--- WHAT YOU ARE ASKED TO DO ---
Please repeat the records below exactly, skipping any pictures.

--- THE RECORDS ---
..........
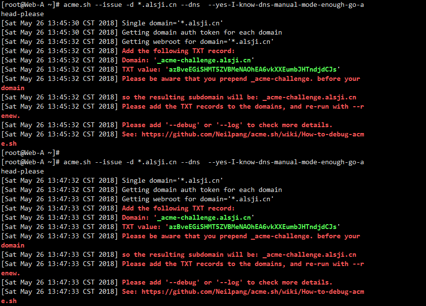 第一步获取验证DNS所需要的TXT记录,下面命令中两个“-d”建议先输入泛域名,这样在证书里可以显示*.alsji.cn这样的泛域名,显得比较吊一些。
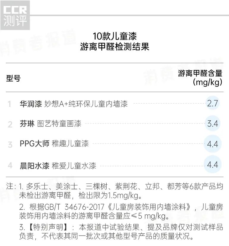 检测结果显示,PPG大师 、晨阳水漆、芬琳、华润漆等4款儿童漆检出微量游离甲醛,但含量都低于儿童漆标准的限值(5 mg/kg),消费者可放心使用。
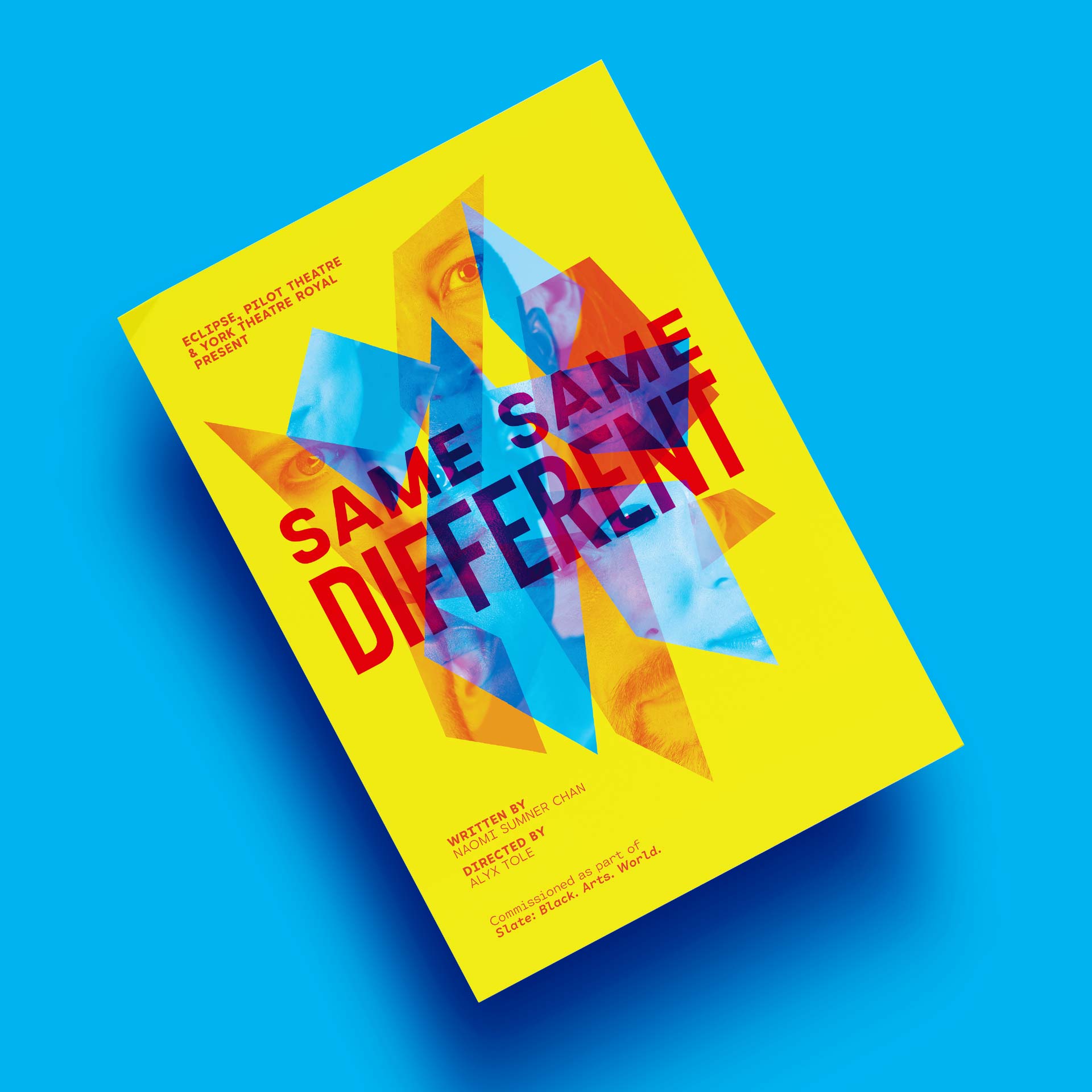 Mark created a brilliant eye-catching design for the SAME SAME DIFFERENT posters, flyers and online branding. The bright colours of our printed programmes stood out in theatre foyers which was ideal, drawing attention to the work of a new playwright and the image of fractured reflections on shards of glass fitted the themes of the play. We loved his work so much that we incorporated elements of his design into the set and costumes.
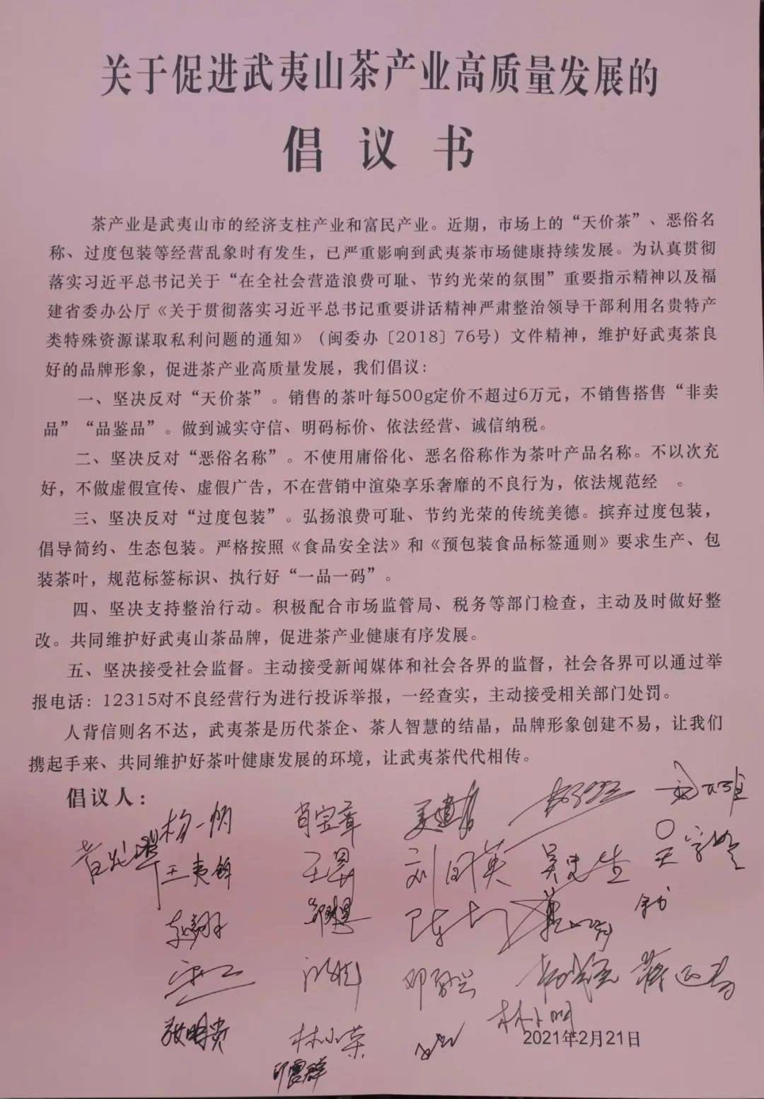 2月21日下午,武夷山市召開促進茶葉市場健康發(fā)展推進會,26家曾出現(xiàn)在網(wǎng)傳“天價茶”榜單上的武夷山茶企負責人共同簽署《關于促進武夷山茶產(chǎn)業(yè)高質(zhì)量發(fā)展的倡議書》,堅決反對“天價茶”,堅決反對“惡俗名稱”、“過度包裝”,承諾不做虛假宣傳,規(guī)范經(jīng)營管理,不銷售“非賣品”“品鑒品”,自覺接受監(jiān)督,如有違法違規(guī)行為,一經(jīng)查實,主動接受相關部門處罰。
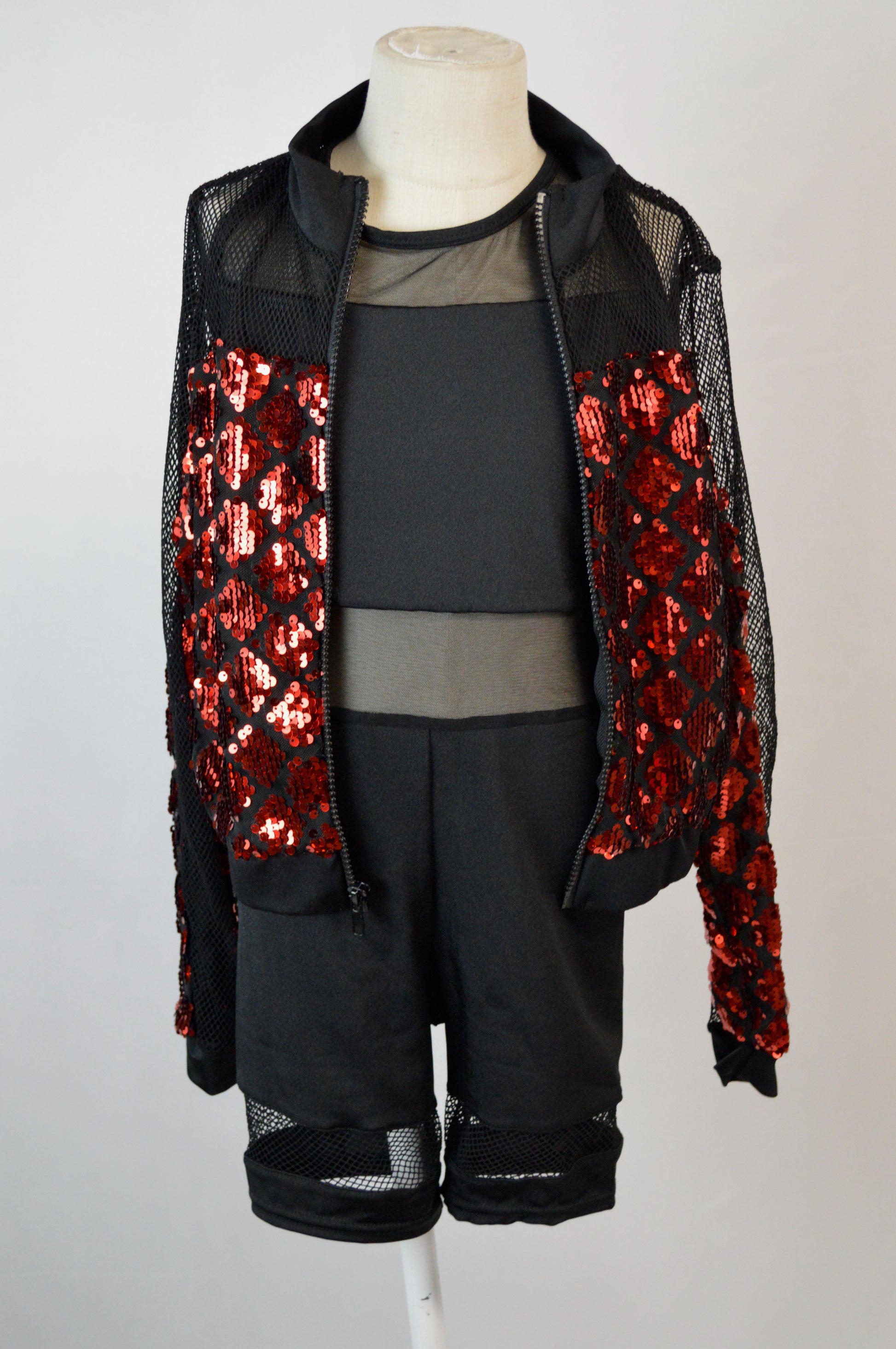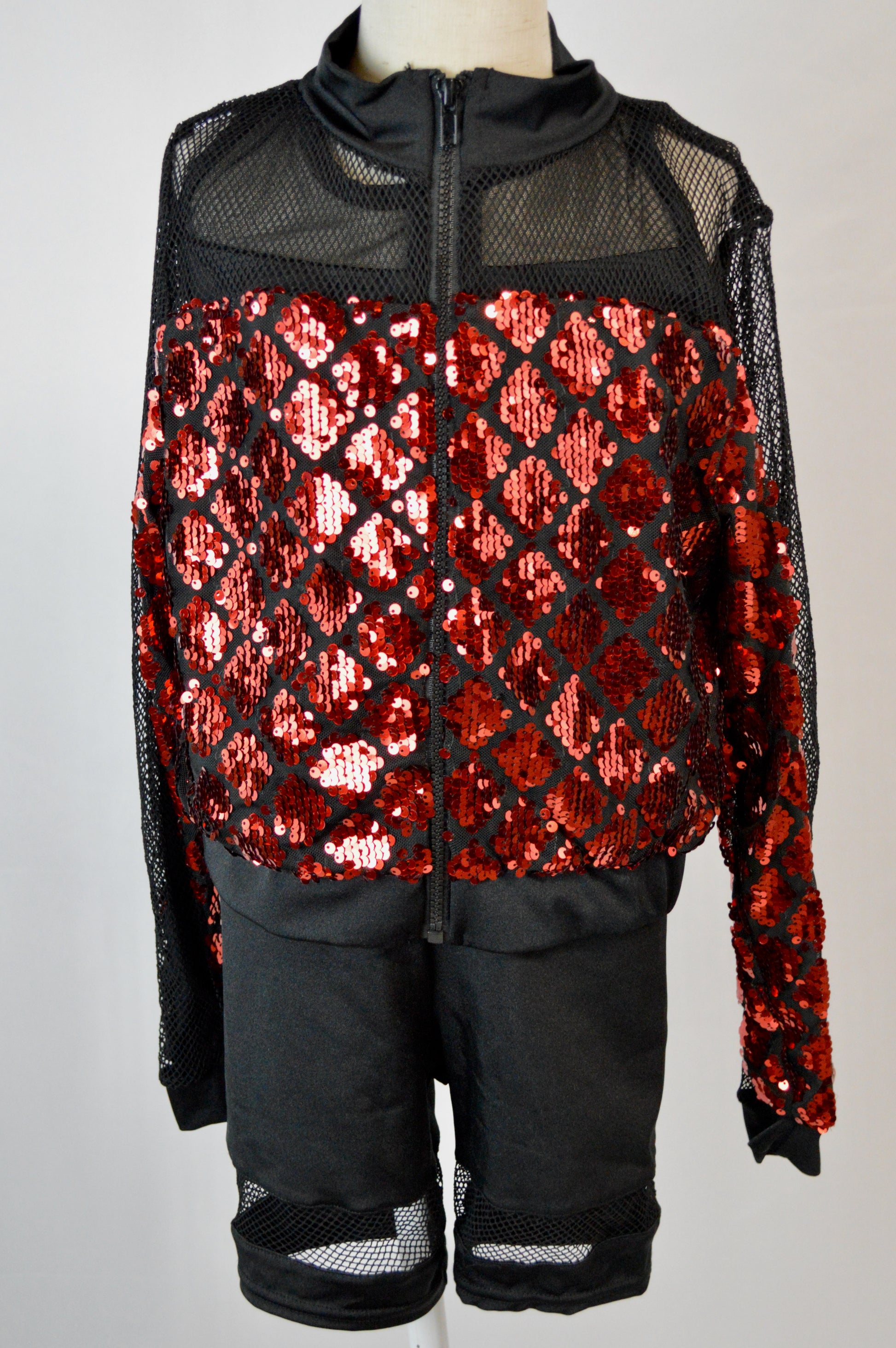 - sequin diamond pattern mesh on front and back of jacket
..........
--- OUTPUT FOR THIS EXERCISE ---
 第一步获取验证DNS所需要的TXT记录,下面命令中两个“-d”建议先输入泛域名,这样在证书里可以显示*.alsji.cn这样的泛域名,显得比较吊一些。
 检测结果显示,PPG大师 、晨阳水漆、芬琳、华润漆等4款儿童漆检出微量游离甲醛,但含量都低于儿童漆标准的限值(5 mg/kg),消费者可放心使用。
 Mark created a brilliant eye-catching design for the SAME SAME DIFFERENT posters, flyers and online branding. The bright colours of our printed programmes stood out in theatre foyers which was ideal, drawing attention to the work of a new playwright and the image of fractured reflections on shards of glass fitted the themes of the play. We loved his work so much that we incorporated elements of his design into the set and costumes.
 2月21日下午,武夷山市召開促進茶葉市場健康發(fā)展推進會,26家曾出現(xiàn)在網(wǎng)傳“天價茶”榜單上的武夷山茶企負責人共同簽署《關于促進武夷山茶產(chǎn)業(yè)高質(zhì)量發(fā)展的倡議書》,堅決反對“天價茶”,堅決反對“惡俗名稱”、“過度包裝”,承諾不做虛假宣傳,規(guī)范經(jīng)營管理,不銷售“非賣品”“品鑒品”,自覺接受監(jiān)督,如有違法違規(guī)行為,一經(jīng)查實,主動接受相關部門處罰。
 - sequin diamond pattern mesh on front and back of jacket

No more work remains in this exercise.